3.10. RNA Sequencing

RNA-sequencing was performed using total RNAs extracted from three-week-old leaves of the WT, OX5-4, and atbbd1 lines grown under drought conditions (20% PEG, 6 h), because AtBBD1 gene expression is highest under this condition. Total RNAs extracted from at least five leaves from five individual plants of each genotype were treated with RNase-free DNase I (Invitogen). The concentration of RNA was determined using a DropSense 96 (PerkinElmer) and RiboGreen (Invitogen), and the integrity of RNA was analyzed with a Bioanalyzer RNA Chip (Agilent Technologies). The RNA with a RIN number ≥ 6 was considered for RNA sequencing. The sequencing library was constructed using TruSeq Stranded mRNA Library Prep (Illumina) using 1 μg of total RNA of each sample. The libraries were further validated by Agilent 2100 Bioanalyzer (Agilent Technologies). Afterward, sequencing was performed on a Nextseq 500 Sequencer System (Illumina).

3.11. Data Access

The RNA-seq data of this study have been deposited in NCBI Gene Expression Omnibus (GEO, http://www.ncbi.nlm.nih.gov/geo/ (accessed on 17 February 2021)) with accession number GSE152163.

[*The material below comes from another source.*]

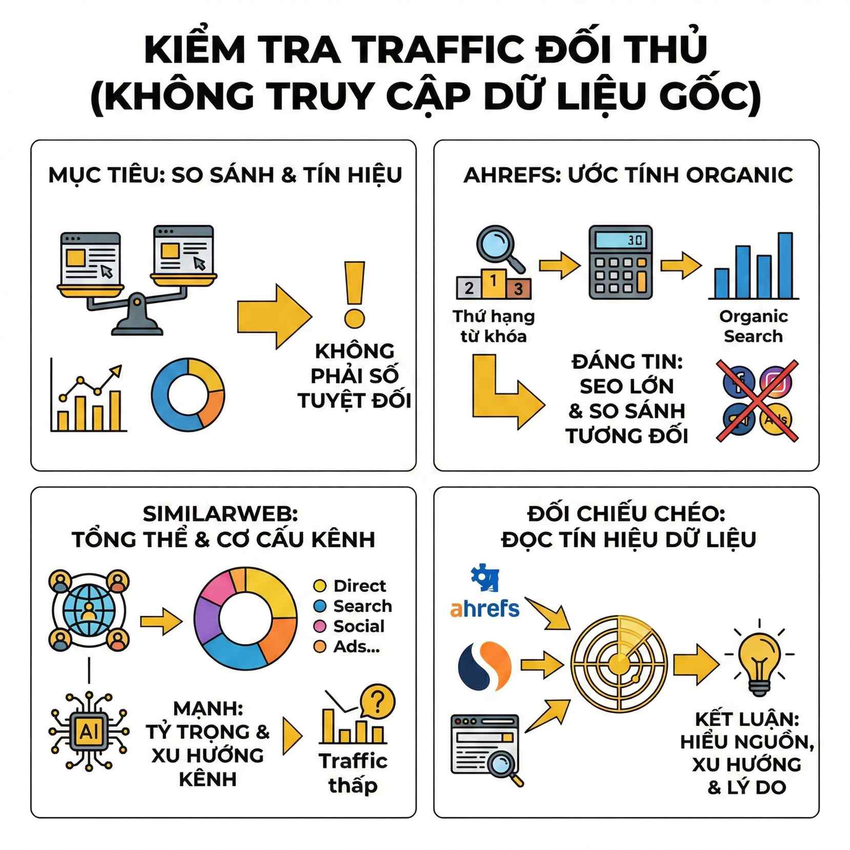 Phân tích traffic đối thủ không nhằm tìm con số chính xác tuyệt đối, vì không có công cụ nào cung cấp dữ liệu 100% đúng. Mục tiêu thực sự là hiểu xu hướng, chiến lược và lợi thế cạnh tranh của đối thủ trên mặt trận traffic.

3.12. Transcriptome Data Analysis

The raw sequence reads were processed for removal of adapter sequences, followed by qualitative analysis of raw reads using FastQC (http://www.bioinformatics.babraham.ac.uk/projects/fastqc (accessed on 17 February 2021)). The high-quality reads were then mapped against the Arabidopsis thaliana reference genome TAIR10 (downloaded from http://arabidopsis.org (accessed on 17 February 2021)) using HISAT2 version 2.1.0 [45] with default parameters. Differentially expressed genes were identified using the Cufflinks pipeline [46] and were filtered based on fold-change. Genes with at least two-fold change of RPKM values (reads per kilobase of transcript, per million mapped reads) between two datasets were considered as differentially expressed genes (DEGs). Gene ontology (GO) enrichment analysis was performed using AgriGo Version 2 [47]. We selected the GO terms with Benjamini adjusted p-value ≥ 0.05. The heatmap was generated using R programming language (version 4.0.0) and “gplots” package (version 3.0.3).

3.13. Statistical Analysis

All statistical comparisons between variants were determined using Graphpad Prism 7 statistical software. Statistical analysis was assessed using one-way ANOVA with post-hoc Tukey test with a 0.05 level of significance (95% confidence interval).